Queremos generosidade entre áreas, mas fazemos cada executivo disputar orçamento, pessoas, headcount, investimento e atenção do CEO. Depois organizamos um encontro de liderança e colocamos “colaboração” no PowerPoint. Não há dinâmica de team building capaz de corrigir um sistema de gestão que ensina diariamente as pessoas a competir.
As pessoas prestam muito mais atenção naquilo que a organização recompensa do que naquilo que ela declara valorizar. Se minha carreira depende exclusivamente do resultado da minha área, defenderei minha área. Se meu bônus depende do meu indicador, defenderei meu indicador. Se admitir um erro ameaça minha reputação, esconderei meu erro. Se ajudar outra área reduz minha chance de entregar minha própria meta, talvez eu pense duas vezes antes de ajudar.
E então criamos um fenômeno curioso. A empresa pode estar fracassando enquanto suas partes apresentam excelentes resultados.
É o triunfo das partes e a derrota do todo.
É por isso que a pergunta não pode ser apenas “como eu fui?”
Talvez precisemos recuperar uma pergunta muito mais simples.
Como nós fomos?
Se minha área bateu a meta, mas a empresa não bateu, temos um problema. Se meu projeto terminou no prazo, mas prejudicou outro projeto mais importante, temos um problema. Se economizei meu orçamento transferindo custos para outra diretoria, não gerei eficiência. Apenas mudei a despesa de endereço. Se aumentei vendas destruindo margem, não necessariamente venci. Se reduzi custos comprometendo a experiência do cliente, talvez meu indicador esteja verde enquanto a empresa fica vermelha.
Planilhas toleram essas contradições, mas a realidade não.
Um líder ensina rapidamente às pessoas se é seguro admitir um erro.
Ensina se discordar é permitido, se decisões realmente precisam ser cumpridas, se colegas podem cobrar colegas. E, sobretudo, ensina o que vale mais: meu resultado ou nosso resultado.
Não precisa escrever nada disso na parede. Basta observar quem recebe reconhecimento. Quem é promovido, quem ganha bonus, quem tem acesso, quem pode errar, aqueles podem confronter, quem é protegido mesmo quando prejudica o coletivo porque individualmente “entrega muito”.
Toda organização tem alguns desses personagens. O executivo brilhante que deixa cadáveres pelo caminho. O vendedor extraordinário que destrói a operação. O especialista genial com quem ninguém consegue trabalhar. O líder que entrega números e destrói pessoas.
Durante algum tempo, os resultados individuais conseguem protegê-los. Até que alguém faça a conta inteira.
No final, existe um placar
Podemos criar centenas de indicadores, construir dashboards sofisticados, avaliar competências, performance, potencial, metas, OKRs e KPIs. Tudo isso tem valor.
Mas existe um momento em que precisamos olhar para o placar.

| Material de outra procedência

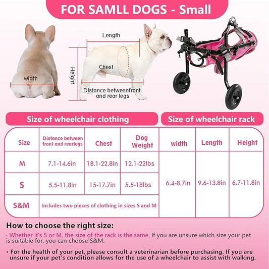 Updated Dog Wheelchair for Back Legs,Small Dog Wheelchair Carts with Wheels, Light Weight Wheelchair for Leg Support Helps Senior,Injured,Paralyzed, S & Pink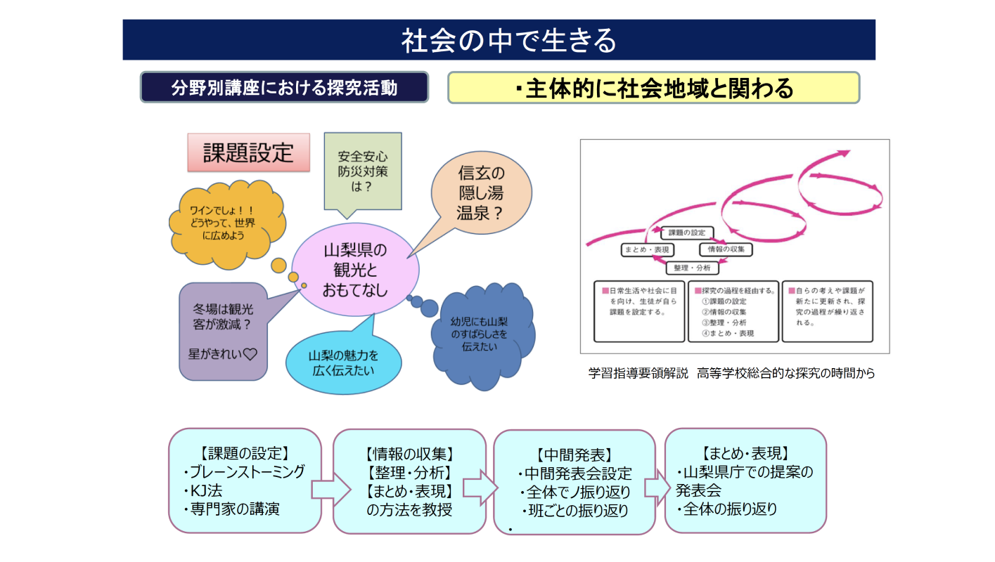 ある年は、「山梨の観光とおもてなし」をテーマに、県の観光振興課への提案をゴールとして活動しました(図4)。災害時の観光客の避難誘導について研究したグループは、武田信玄ゆかりの恵林寺にスポットをあて、避難所までの経路を検討し、景観に配慮した避難経路の看板を設置してもらいました。山梨とかかわりの深い『銀河鉄道の夜』に着目したグループは、星の観察を中心にしたツアーを企画し、観光振興課に採用されました。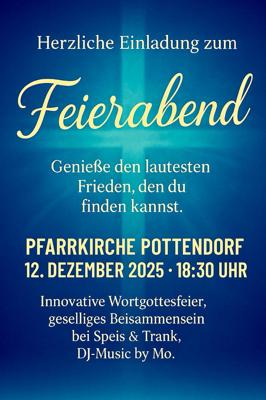 Herzliche Einladung zum "Feierabend" am 12. Dezember um 18.30 Uhr in der Pfarrkirche von Pottendorf und zum geselligem Beisammensein bei Speis und Trank.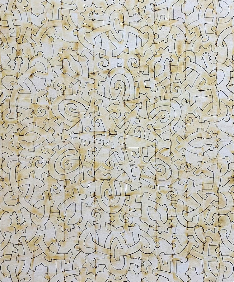 This was my third puzzle with an image by this artist, and I am completely smitten with her work – it makes for such fun puzzling! And I also have to give a shout out to the designer of the pieces, Chandler Millwood (who designed all three of Nadieh’s puzzles), whose design was like artwork in itself. Stunning!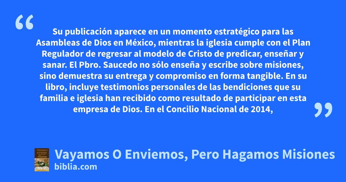 Su publicación aparece en un momento estratégico para las Asambleas de Dios en México, mientras la iglesia cumple con el Plan Regulador de regresar al modelo de Cristo de predicar, enseñar y sanar. El Pbro. Saucedo no sólo enseña y escribe sobre misiones, sino demuestra su entrega y compromiso en forma tangible. En su libro, incluye testimonios personales de las bendiciones que su familia e iglesia han recibido como resultado de participar en esta empresa de Dios. En el Concilio Nacional de 2014,

A companhia avançou? O cliente ficou melhor? O projeto funcionou? A estratégia aconteceu? O resultado apareceu? Nós vencemos?

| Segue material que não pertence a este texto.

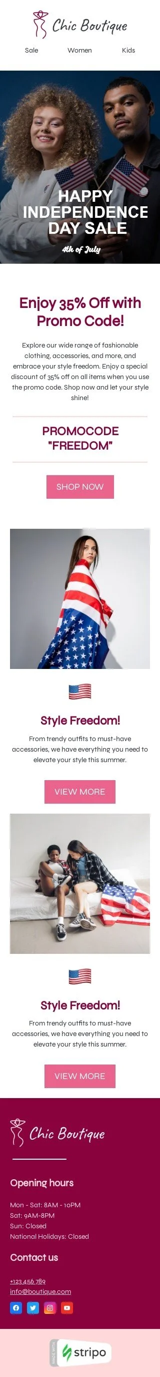 Celebrate Independence Day in style with our "Style Freedom" email template designed for the fashion industry. This template showcases a trendy and patriotic design that captures the spirit of the holiday, with customizable content and visually appealing graphics. Use this template to promote your special Independence Day offers, discounts, or new collections. Grab the attention of your audience and inspire them to embrace their style freedom this holiday. Don't miss out on this opportunity to engage with your customers and boost sales with our professional and impactful email template.
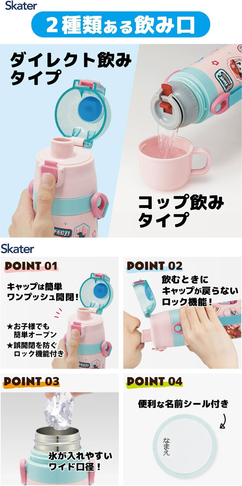 パウ・パトロール (ガール GIRL) 水筒 2WAYステンレス水筒 コップ付き 430ml~470ml SKDC4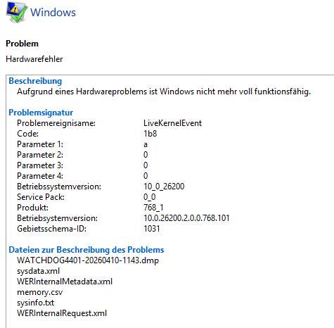 Es fing alles bereits im Sommer letzten Jahres an. Als ich plötzlich immer wieder einen Bluescreen hatte aber sehr sporadisch (manchmal war 2 Wochen nichts). Habe dann ein Bios Update gemacht und es war lange zeit ruhe.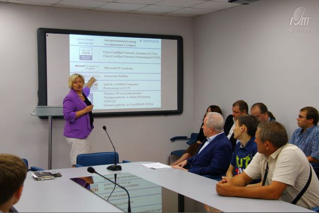 В Воронежском институте высоких технологий 22 июля состоялась встреча с абитуриентами направлений «Информационные системы и технологии» и «Информатика и вычислительная техника». Ребята и их родители интересовались не только особенностями обучения в институте, но и вопросами перспектив будущего трудоустройства. Особое внимание специфике вуза, его научной составляющей, международным проектам и критериям эффективности уделил Президент ВИВТ доктор технических наук, профессор, заслуженный деятель науки РФ, академик РАЕН Яков Евсеевич Львович. Живой интерес присутствующих вызвали рассказы о построении обучения компьютерному дизайну (преподаватель и партнер ВИВТ, директор рекламного агентства «Кубик Рубика» Александр Суворов), программированию (старший преподаватель Ростислав Паневин), сетевым технологиям и работе «с железом» (старший преподаватель Антон Анашкин). «Значимость международной сертификации в рамках обучения бакалавра в ВИВТ трудно переоценить, - подчеркнула гостья встречи, директор ООО «Комнет» Ольга Олеговна Ивентьева. – Когда приходит на работу выпускник вуза, имеющий помимо диплома ещё и международную сертификацию, для работодателя это однозначный приоритет. Ещё один важный момент: работодателю, которым мы тоже являемся, исключительно важны не только теоретические знания выпускника, но и их применение на практике: что он умеет делать руками. С этой точки зрения особая система организации практик в ВИВТ – огромный плюс».

Se a resposta for não, meus indicadores individuais talvez expliquem alguma coisa. Não podem me absolver do todo. Essa é, para mim, uma das maiores diferenças entre pertencer a uma organização e simplesmente trabalhar dentro dela.
Quando pertenço verdadeiramente ao coletivo, a derrota dele também me pertence. Mesmo quando fiz minha parte, quando meu indicador ficou verde, quando minha meta foi superada, quando eu avisei.
No futebol, ninguém precisa explicar isso ao jogador.
Quando o juiz apita o final e o placar mostra a derrota, não existe uma coluna separada dizendo:
“Mas individualmente você venceu.”
Talvez nossas empresas precisem reaprender algo que o esporte nunca esqueceu.
Há momentos em que pouco importa quem marcou o gol. Importa quem ganhou o jogo. E é justamente aí que o talento individual encontra seu limite e o espírito de time começa.
O êxito individual desaparece no fracasso coletivo.